What to do: Scan the entries for lines with the word "Gaasbeek" and copy those lines.

Data under study:
● ● ● ● ● ● ●

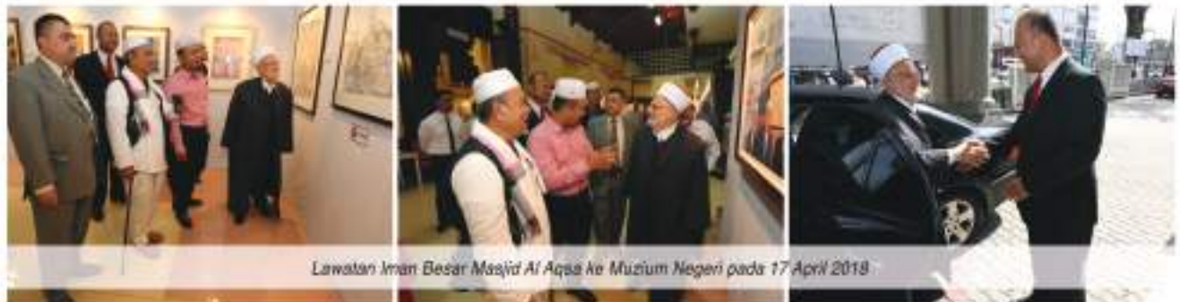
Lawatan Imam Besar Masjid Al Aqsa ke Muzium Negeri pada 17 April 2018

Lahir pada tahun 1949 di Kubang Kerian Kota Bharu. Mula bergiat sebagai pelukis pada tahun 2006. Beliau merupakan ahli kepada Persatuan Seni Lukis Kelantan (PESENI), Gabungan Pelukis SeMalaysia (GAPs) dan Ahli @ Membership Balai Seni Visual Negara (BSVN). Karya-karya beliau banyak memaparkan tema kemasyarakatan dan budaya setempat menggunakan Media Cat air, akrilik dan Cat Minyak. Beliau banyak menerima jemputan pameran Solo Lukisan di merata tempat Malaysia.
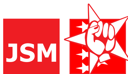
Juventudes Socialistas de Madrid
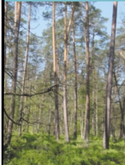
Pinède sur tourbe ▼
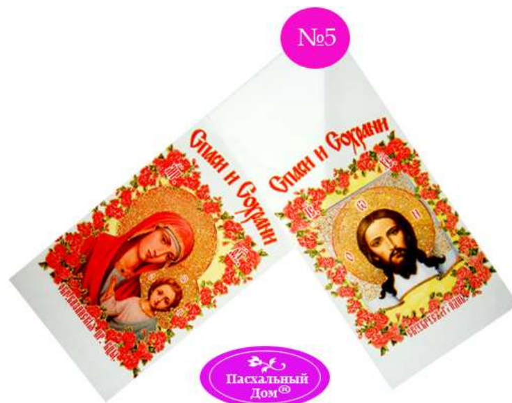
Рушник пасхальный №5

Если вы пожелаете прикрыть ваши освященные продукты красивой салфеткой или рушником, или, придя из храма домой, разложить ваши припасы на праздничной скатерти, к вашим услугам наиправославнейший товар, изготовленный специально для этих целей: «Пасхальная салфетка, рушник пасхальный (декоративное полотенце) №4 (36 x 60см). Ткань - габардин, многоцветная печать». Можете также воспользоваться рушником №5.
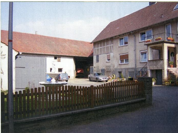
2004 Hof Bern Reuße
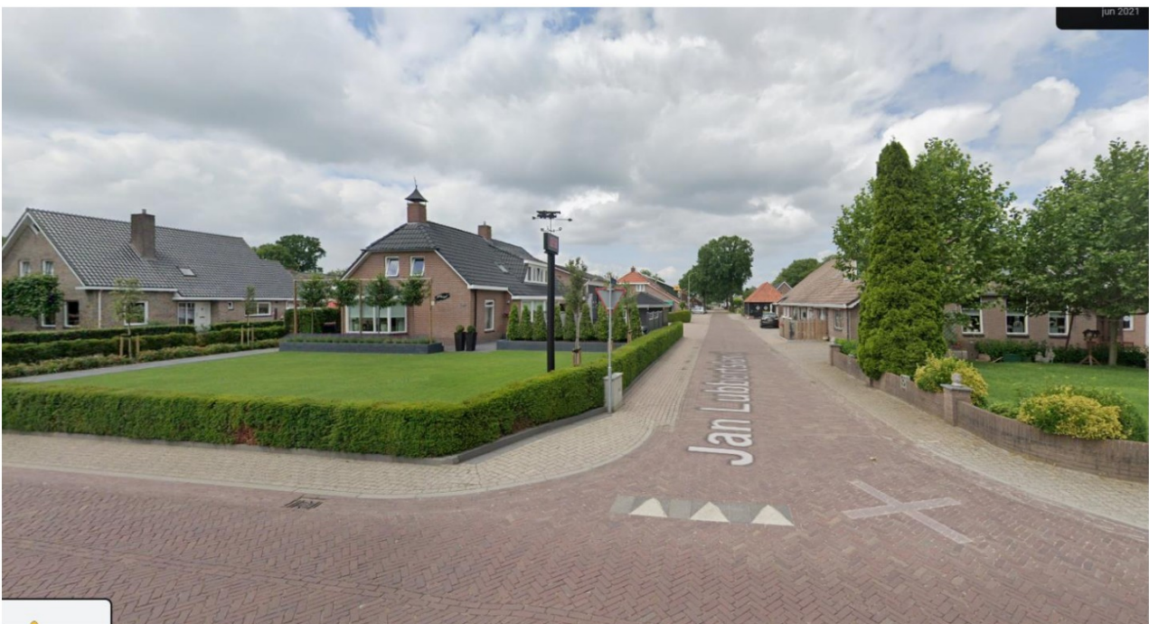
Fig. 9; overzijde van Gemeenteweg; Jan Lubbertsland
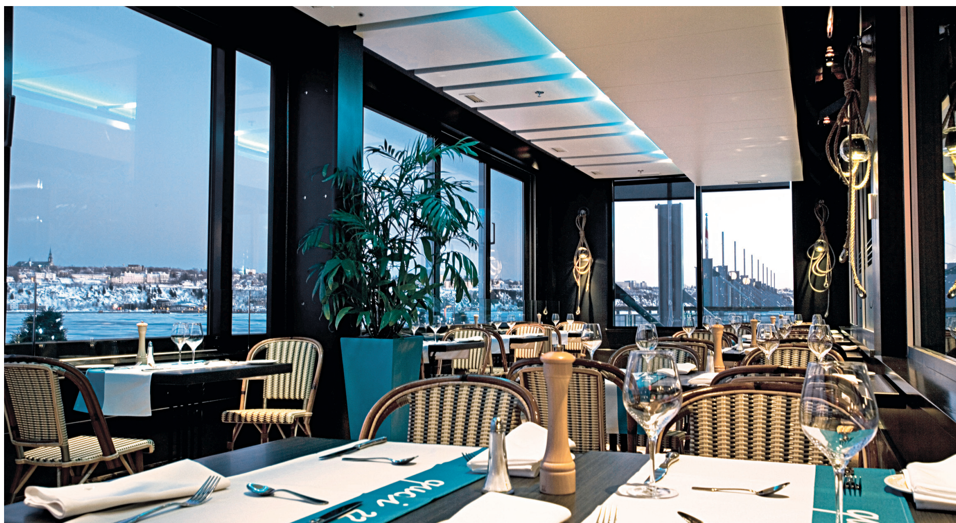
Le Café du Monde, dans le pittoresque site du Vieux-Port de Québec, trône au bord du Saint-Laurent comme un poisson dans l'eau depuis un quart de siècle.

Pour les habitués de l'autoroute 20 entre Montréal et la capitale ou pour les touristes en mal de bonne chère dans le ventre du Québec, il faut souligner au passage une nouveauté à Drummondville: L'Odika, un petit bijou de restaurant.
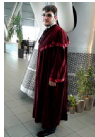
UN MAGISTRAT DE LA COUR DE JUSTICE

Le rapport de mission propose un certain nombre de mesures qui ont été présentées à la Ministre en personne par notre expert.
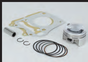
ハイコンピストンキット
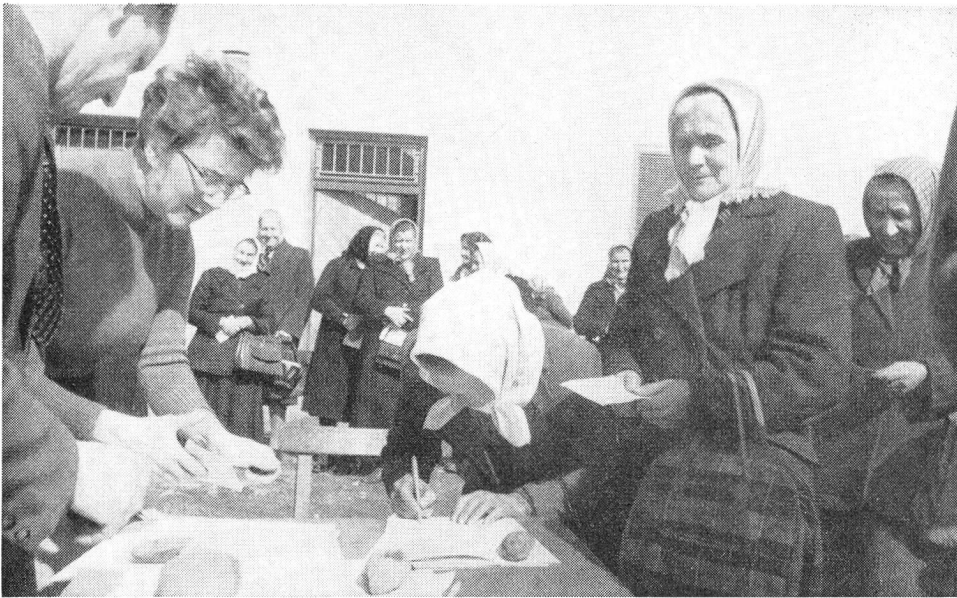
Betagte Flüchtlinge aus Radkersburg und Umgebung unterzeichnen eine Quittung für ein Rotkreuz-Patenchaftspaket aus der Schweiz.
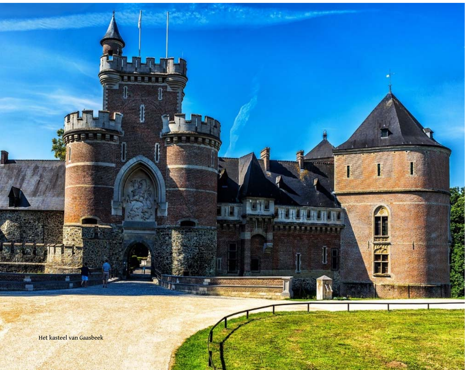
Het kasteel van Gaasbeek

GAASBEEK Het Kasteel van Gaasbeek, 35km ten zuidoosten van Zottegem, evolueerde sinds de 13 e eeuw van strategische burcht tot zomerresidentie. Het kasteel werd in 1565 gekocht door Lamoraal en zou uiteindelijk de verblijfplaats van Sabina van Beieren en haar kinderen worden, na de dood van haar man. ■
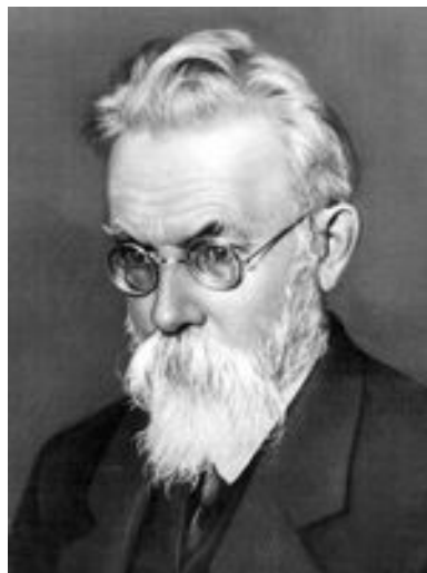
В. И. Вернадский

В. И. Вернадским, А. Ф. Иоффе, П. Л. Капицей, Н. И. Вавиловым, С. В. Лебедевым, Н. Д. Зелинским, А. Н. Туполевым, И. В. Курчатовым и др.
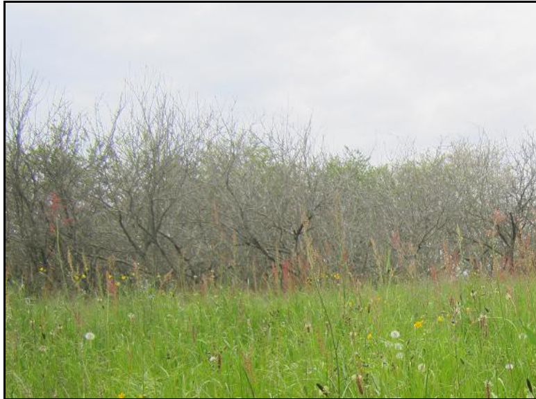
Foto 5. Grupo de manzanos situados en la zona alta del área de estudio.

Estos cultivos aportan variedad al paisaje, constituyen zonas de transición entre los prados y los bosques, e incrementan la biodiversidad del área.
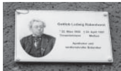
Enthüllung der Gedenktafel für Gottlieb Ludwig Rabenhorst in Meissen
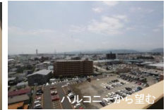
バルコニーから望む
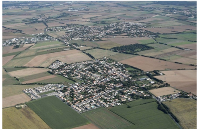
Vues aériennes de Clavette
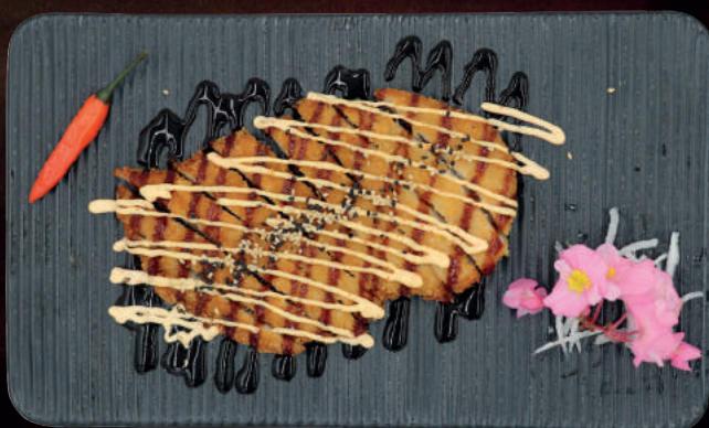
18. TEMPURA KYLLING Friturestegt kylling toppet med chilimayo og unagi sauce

● ● ● ● ● ● ●

Result for this exercise:
Het kasteel van Gaasbeek
GAASBEEK Het Kasteel van Gaasbeek, 35km ten zuidoosten van Zottegem, evolueerde sinds de 13 e eeuw van strategische burcht tot zomerresidentie. Het kasteel werd in 1565 gekocht door Lamoraal en zou uiteindelijk de verblijfplaats van Sabina van Beieren en haar kinderen worden, na de dood van haar man. ■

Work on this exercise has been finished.